For Women in Medicine Month 2021, ACOG recognizes how far women physicians have come while emphasizing the ongoing challenges to achieving full professional inclusion and equity and insisting on essential system-wide changes. In the Women in Medicine journal supplement published this month in Pediatrics, the journal of the American Academy of Pediatrics (AAP), ACOG members and colleagues from other specialties outline best practice strategies for recruiting, retaining, and advancing women physicians in the workplace.

A diverse health care workforce is essential to meeting the needs of a diverse population. Yet women physicians face persistent inequities in pay and promotion, an imbalance between work and home responsibilities, and higher rates of burnout than male peers. These challenges are amplified for women physicians who are Black, Indigenous, or people of color. Women physicians with children have likely been further disadvantaged by the COVID-19 pandemic, which amplifies the challenges that working mothers experience.
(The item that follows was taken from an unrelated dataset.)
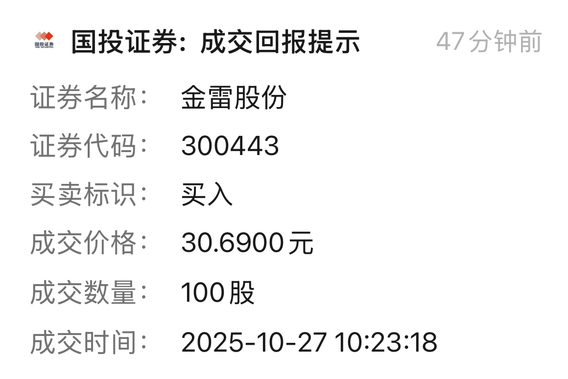 $金雷股份(SZ300443)$ 没骗你们哦真的是一手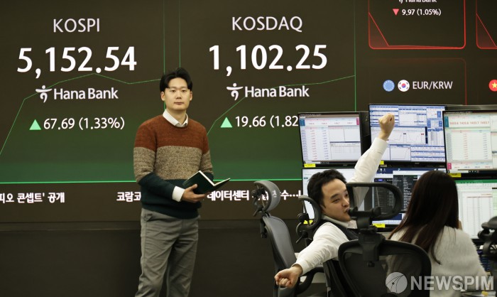 [서울=뉴스핌] 양윤모 기자 = 28일 오전 코스피가 전장 종가보다 67.69 포인트(1.33%) 상승하며 5152.54로, 코스닥은 19.66포인트(1.82%) 상승한 1102.25로 장을 시작한 가운데, 서울 중구 하나은행본점 딜링룸에서 직원들이 업무를 보고 있다. 서울외환시장에서 달러/원 환율은 전장 대비 12.50원 하락한 1433.70원에 주간거래를 시작했다. 2026.01.28 yym58@newspim.com

Achieving equity and inclusion requires intentional and strategic efforts across the field of medicine, including widespread institutional change. In the supplement, nine articles explore the challenges facing women in medicine and evidence-based ways to recruit and promote women into leadership and build inclusive work environments. Five articles are featured below.

In a collaborative call to action that wraps up the supplement, Maureen G. Phipps, MD, FACOG, chief executive officer of ACOG, along with her counterparts at AAP and other leading medical organizations, urges medical professionals to intentionally address the obstacles that prevent women physicians from reaching their full potential.

The supplement is authored by faculty and members of the Women’s Wellness through Equity and Leadership Program, with guest editors Susan Hingle, MD, MACP, FRCP, FAMWA; Erin Hayes Kelly, PhD; Florence Rivera, MPH; and V. Fan Tait, MD, FAAP.

Funded by the Physicians Foundation and led by the AAP, the initial WEL consortium included six medical associations: the AAP, American Academy of Family Physicians, ACOG, American College of Physicians, American Hospital Association, and American Psychiatric Association. The Women’s Wellness through Equity and Leadership Program is currently in its second iteration and has expanded to include the AMA, American Medical Women’s Association, National Hispanic Medical Association, and National Medical Association.